This demonstrates - again - the danger of treating security as default-permit.
This blacklist-style thinking is very common, but it is _guaranteeing_
eventual failure because _you cannot enumerating badness_ [1].

Limiting the granularity of performance.now _assumes_ that providing any
timing information at all is safe. It's the same basic misunderstanding of
what it means to design for security I hear way too often whenever a new
security issue is being discussed: someone always asks "Is this an actual
problem in the wild, or whining about some hypothetical that isn't a 'real
threat'?" So what; future threats are nt limited to only the attacks we know
about today.

As I sain in a recent comment[2], the thing that nobody really wants to talk
about is that it isn't possible to know the behavior of programs a Turing
complete language without running the program. Declarative documents in
HTML+CSS were safe, but trying to run potentially malicious Turing complete
programs safely is _provably_ futile endeavor.

[1]
[http://www.ranum.com/security/computer_security/editorials/d...](http://www.ranum.com/security/computer_security/editorials/dumb/)

[2]
[https://news.ycombinator.com/item?id=15708099](https://news.ycombinator.com/item?id=15708099)

------
xigency
Why high precision timing was ever introduced into browsers is beyond me.
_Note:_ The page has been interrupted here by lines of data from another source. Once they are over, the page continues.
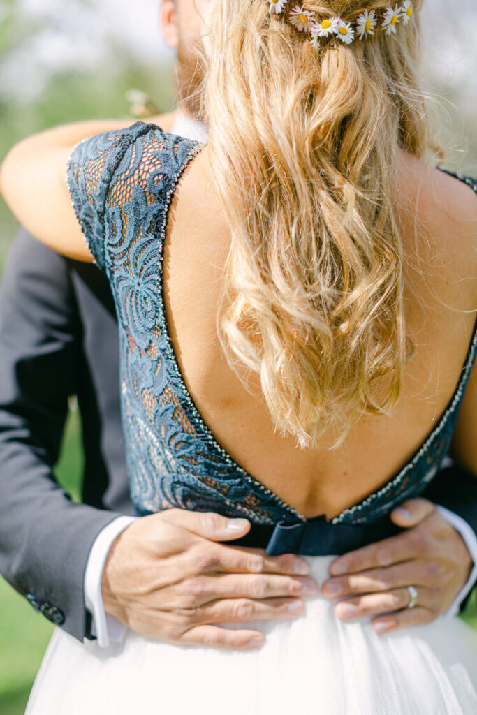 Vi gör sedan en sista provning och efter den får du äntligen ta med dig klänningen hem – en unik, egendesignad klänning som du är helt ensam om.
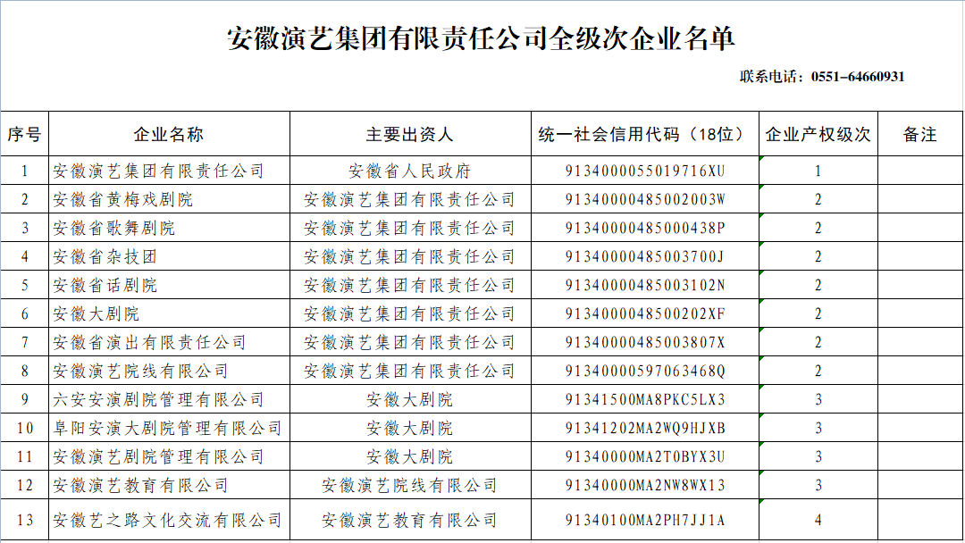 安徽演艺集团有限责任公司全级次企业名单
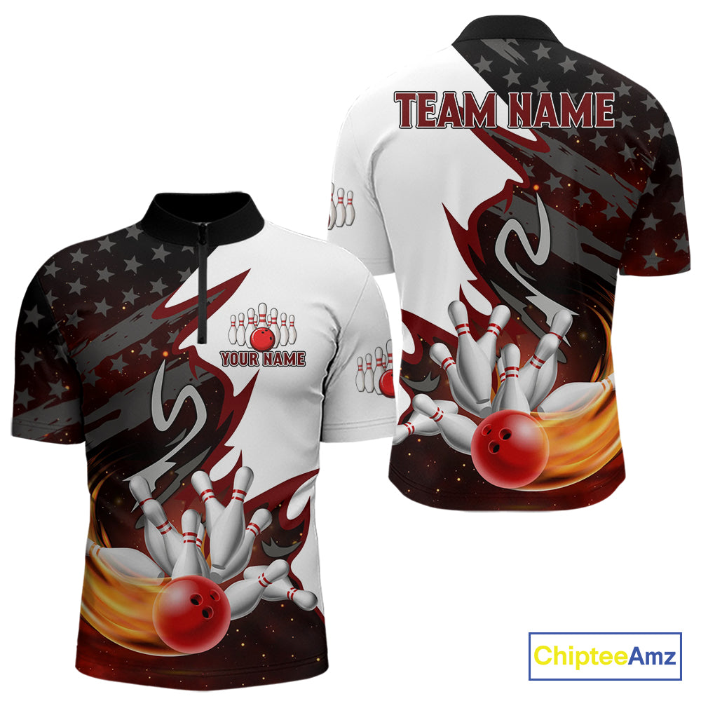 Black and White American flag Bowling jersey Custom Patriotic Bowling Polo, 1/4 Zip Shirts For Men NQS10999
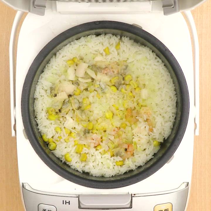 炊飯器の内釜に米、☆、水を2合の目盛り2mm下まで入れて混ぜ、米を平らにならす。玉ねぎ、コーン缶、シーフードミックスをのせて広げ、バターをのせて通常炊飯する。
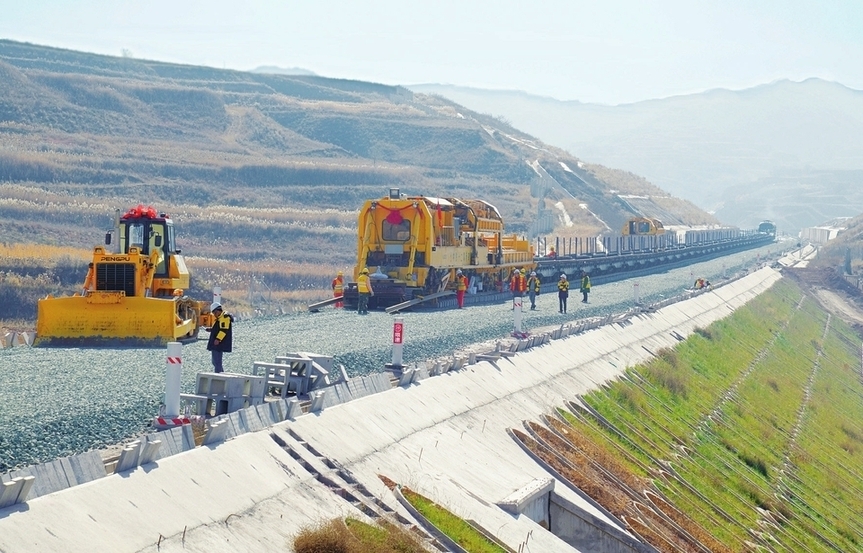 11月15日,在太焦高鐵武鄉(xiāng)至榆社區(qū)間內(nèi),鋪軌機(jī)正在進(jìn)行鋪軌作業(yè)。太焦鐵路是我國規(guī)劃建設(shè)的“八縱八橫”高速鐵路網(wǎng)的重要組成部分,是山西與河南等中東部地區(qū)客運(yùn)交流的快捷通道,預(yù)計2020年12月建成通車。目前,太焦高鐵山西段路基、隧道和橋梁等各項工程正在有序推進(jìn)中。記者 王彥軍攝
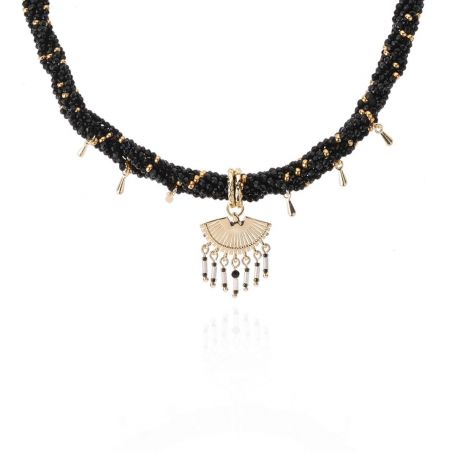 Woven in black textile and enhanced with golden beads, BILKIS showcases HIPANEMA's iconic eagle, meticulously hand-carved. Its beaded tail, inspired by Navajo motifs, creates a strong and refined piece of jewelry.
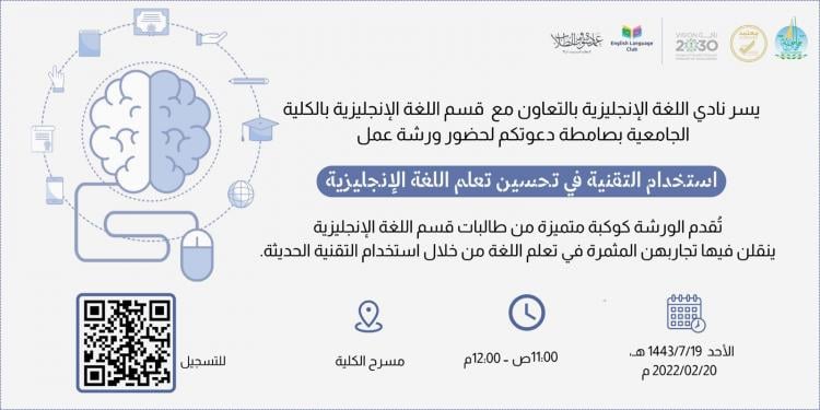 وقد قدمت الورشة كوكبةً متميزة من أعضاء نادي اللغة الإنجليزية من طالبات القسم، حيث شاركن خبراتهن المثمرة في تعلم اللغة الإنجليزية من خلال استخدام وسائل التقنية الحديثة.
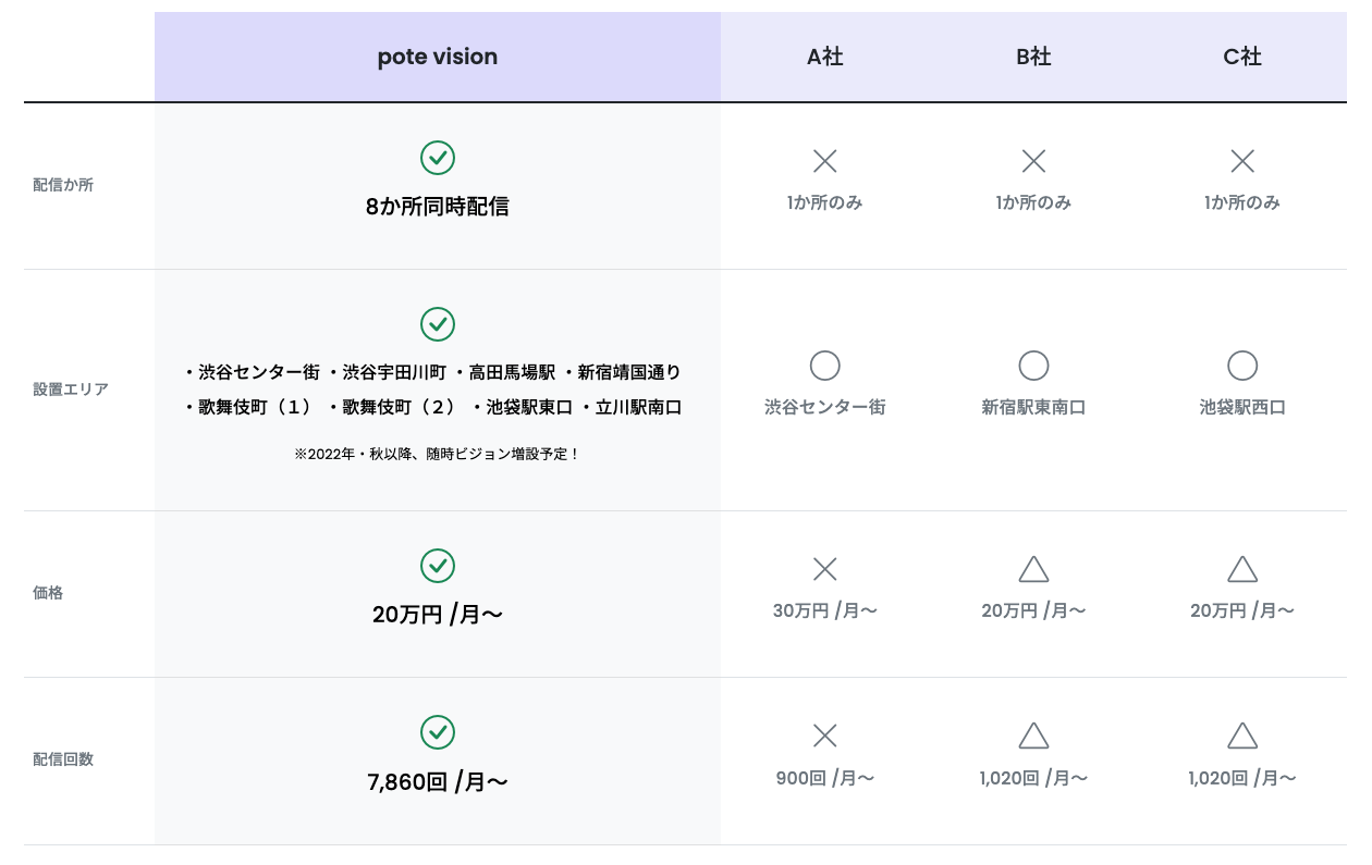「pote vision」は、都内ターミナル駅周辺に限定した街頭LEDビジョンの動画広告配信を、高回数、低価格で提供するDOOH広告サービスです。
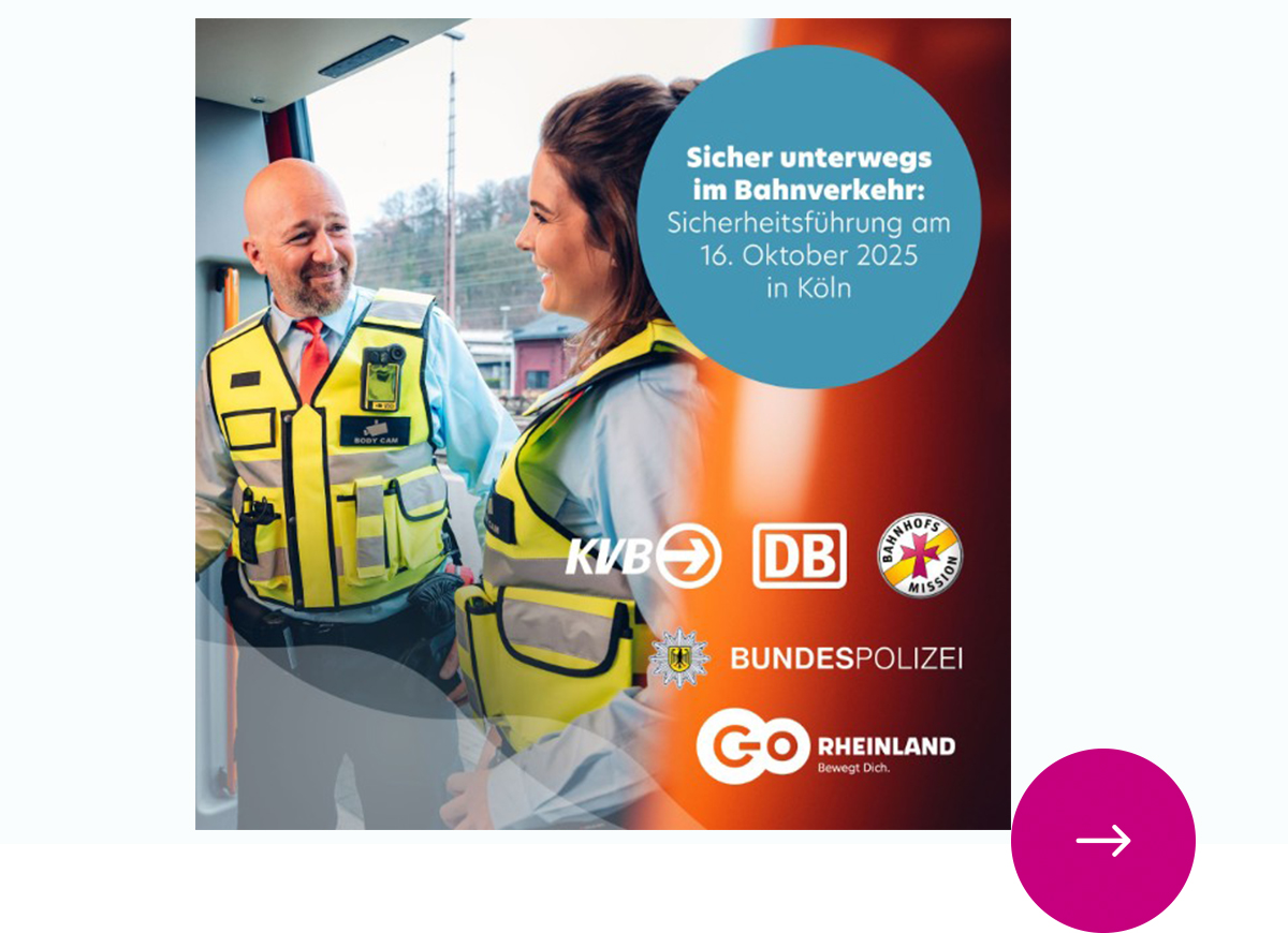 | Sicher unterwegs im Bahnverkehr Wer mögliche Gefahren früh erkennt und weiß, wie man richtig reagiert, schützt nicht nur sich selbst, sondern auch andere Fahrgäste. Darum zeigen Expert*innen der Bundespolizei, der DB InfraGO, der DB Sicherheit, der Kölner Verkehrs-Betriebe AG (KVB) sowie der Bahnhofsmission am 16. Oktober 2025 von 10 bis 13 Uhr im Rahmen einer Sicherheitsführung, wie man sich in Bahnhöfen, Stationen und Bahnen sicher bewegt, wo im Notfall Hilfe zu finden ist und welche Möglichkeiten es gibt, schnell Unterstützung zu rufen. Die Führung vermittelt praxisnahes Wissen und bietet die Gelegenheit, persönliche Fragen direkt an Fachleute zu stellen. Die Teilnahme ist kostenlos. Plätze können hier ergattert werden: Mehr… |
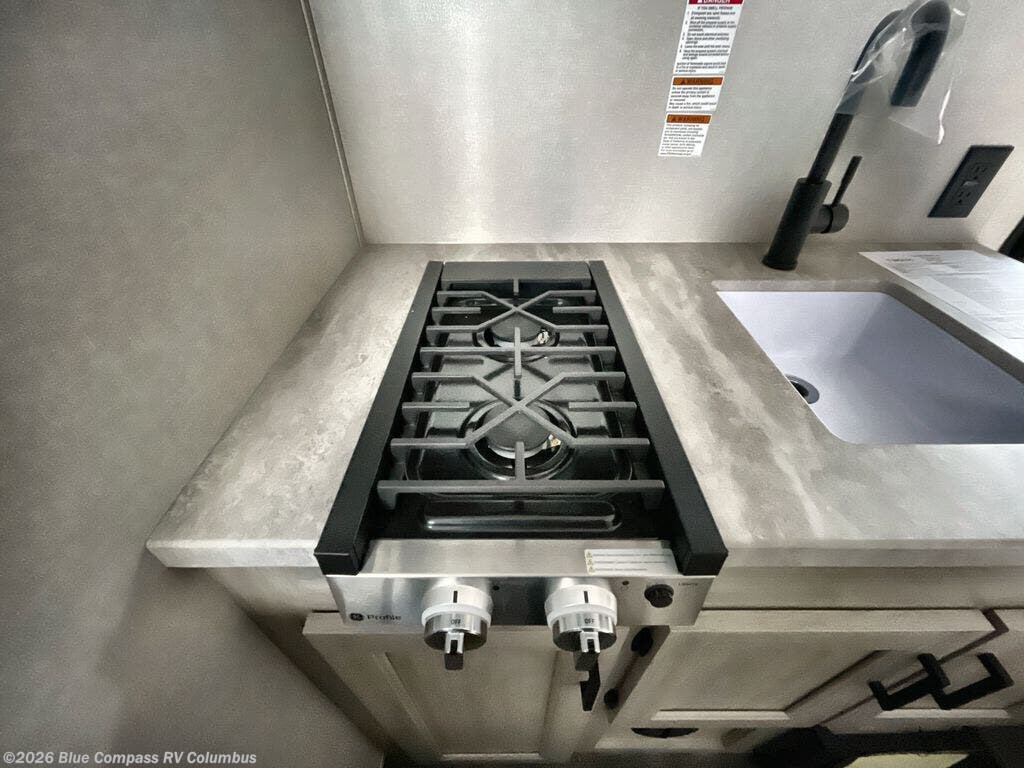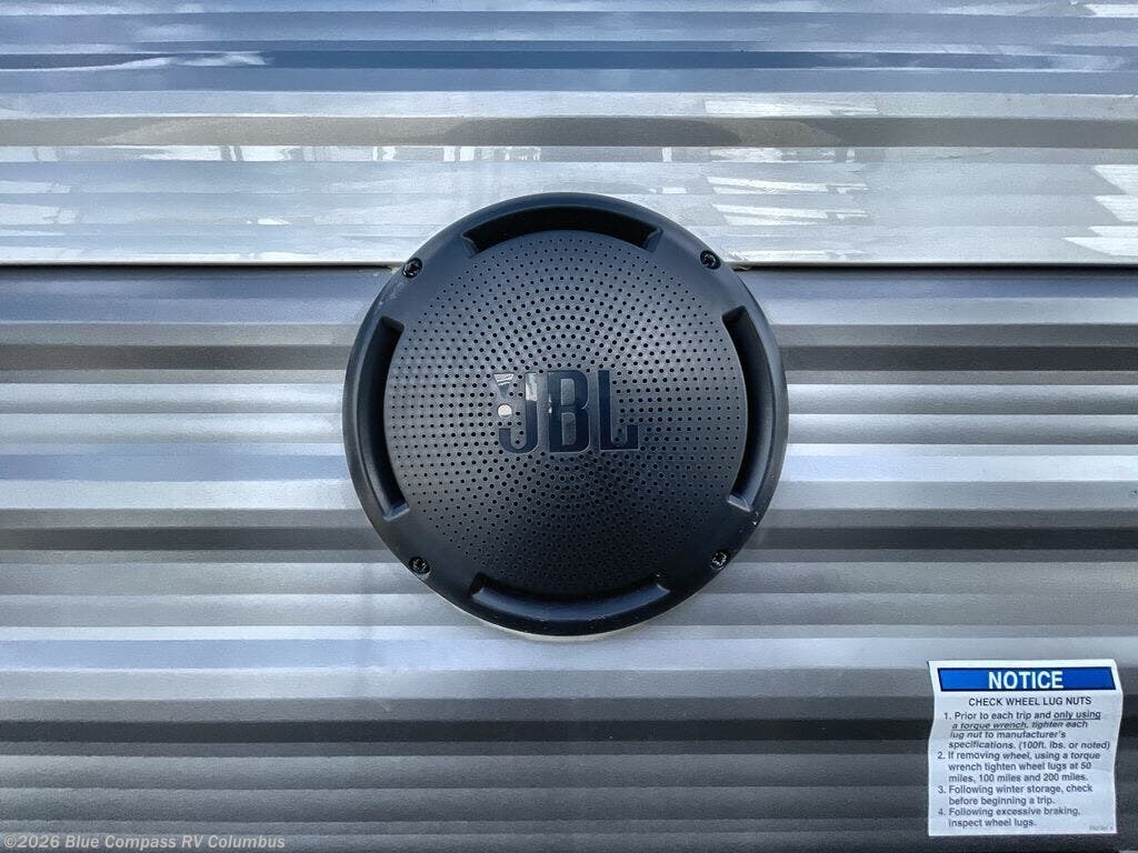 Comfortability, usability, and quality is what you will find in each one of these Forest River Aurora Light travel trailers! They are designed with a superior build and packed full with industry leading, functional, and distinctive standard features. SolidStep entrance steps and a Safe-T rail door assist on main entry door to help you safely enter and exit the unit. The diamond plate rock guard will protect your unit from road debris and the nitrogen filled radial tires, which keep their pressure longer, offer better fuel economy. You will also find upgraded JBL Elite exterior speaker outside, an electric awning with multicolor lights and remote, plus flush mount baggage doors for easy packing. The interiors are beautifully designed with matte black kitchen and bath faucets, black nightshades in the living room, and GE kitchen appliances!
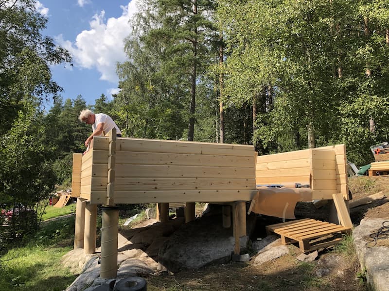 Här har Lars monterat ihop friggeboden och påbörjat arbetet att montera sin egendesignade altan och får till slut njuta av slutresultatet.
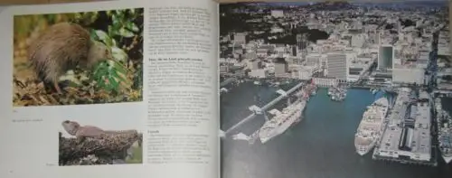 guter Zustand, geringe Gebrauchs- und Alterungsspuren: Deckel rechts oben bekritzelt - Umschlag teils leicht verschmutzt / etwas vergilbt - Seiten sauber und ordentlich - Umschlag und Seiten teils etwas eselsohrig, zur Datierung: auf Seite 45 wird eine Tournee für das New Zealand Symphony Orchestra für 1981 angekündigt - Das Land - Die Geschichte - Die Regierung - Die Bevölkerung - Maoritanga - Neuseeland und der Südpazifik - Internationale Beziehungen - Der Handel - Die Landwirtschaft - Die Industrie - Die Energie - Der Tourismus - Transport und Verkehr - Der Lebensstandard - Das Gesundheits- und Sozialwesen - Das Erziehungswesen - Literatur und Kunst - Der Sport - Neuseeländische Vertretungen in Übersee, kartoniert, ca. 27,5 x 21, 48 Seiten mit zahlreichen Bildern
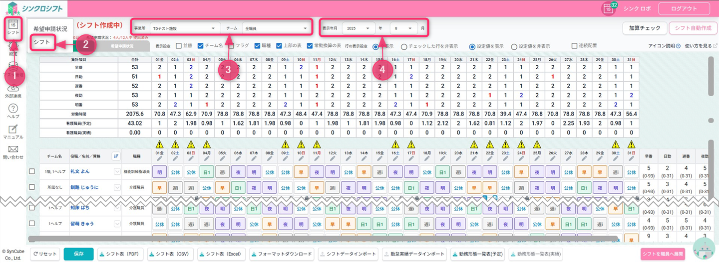 シンクロシフトでは、同一事業所内に兼務設定を行っている場合シフト表には同じ職員の名前が複数表示されます。
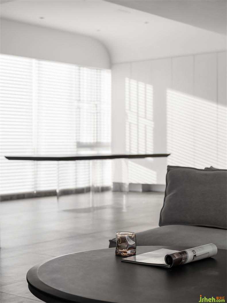 客廳、餐廳、廚房、書房,完全開放;三張簡單的桌子、一套舒適的沙發(fā)、室內(nèi)設(shè)計師幾筆弧線、一系灰色,奠定空間的純粹,無需彰示什么,生活就在那里,以腳步起點,光為色彩,隨心所動,繪出身體與精神上需要的所有。
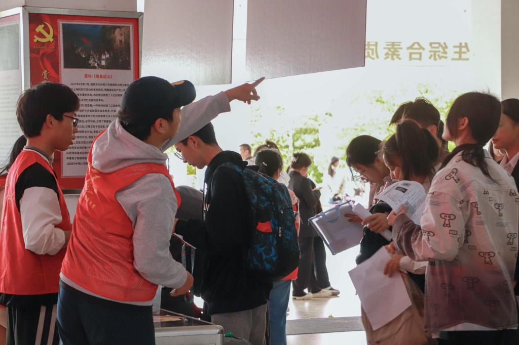 “同学你好,请问你报考的是什么专业?”“同学你好,请问你需要什么帮忙?”在志愿者的悉心引导下,考生有序地完成刷卡验证、寄存物品、安全检查等流程,顺利进入候考区等待考试。志愿者们满腔热情,身着红马甲,穿梭在人群中,引导一批又一批的考生。志愿者们热诚的欢迎每一位考生的到来,忙碌的身影在校园内绘就了一道靓丽的风景线。
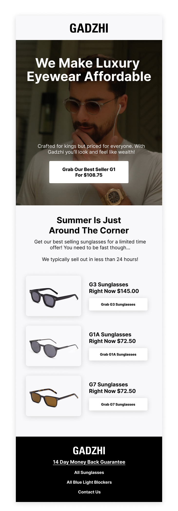 Here are a few of our high-converting emails. If you want similar emails written and designed for your business without any upfront costs, please book a call with us below!

I
don't see why timers should be more accurate that millisecond precision or why
the timer should return different values when polled more than once in the
same execution context (as an event based language).

Edit:

> Unlike other timing data available to JavaScript (for example Date.now), the
> timestamps returned by Performance.now() are not limited to one-millisecond
> resolution. Instead, they represent times as floating-point numbers with up
> to microsecond precision.

What a terrible idea. If this kind of profiling is needed, it should be better
off as a feature of the browser developer tools, not a built-in function.

None of these examples are compelling to me either: [https://w3c.github.io/hr-
time/#introduction](https://w3c.github.io/hr-time/#introduction)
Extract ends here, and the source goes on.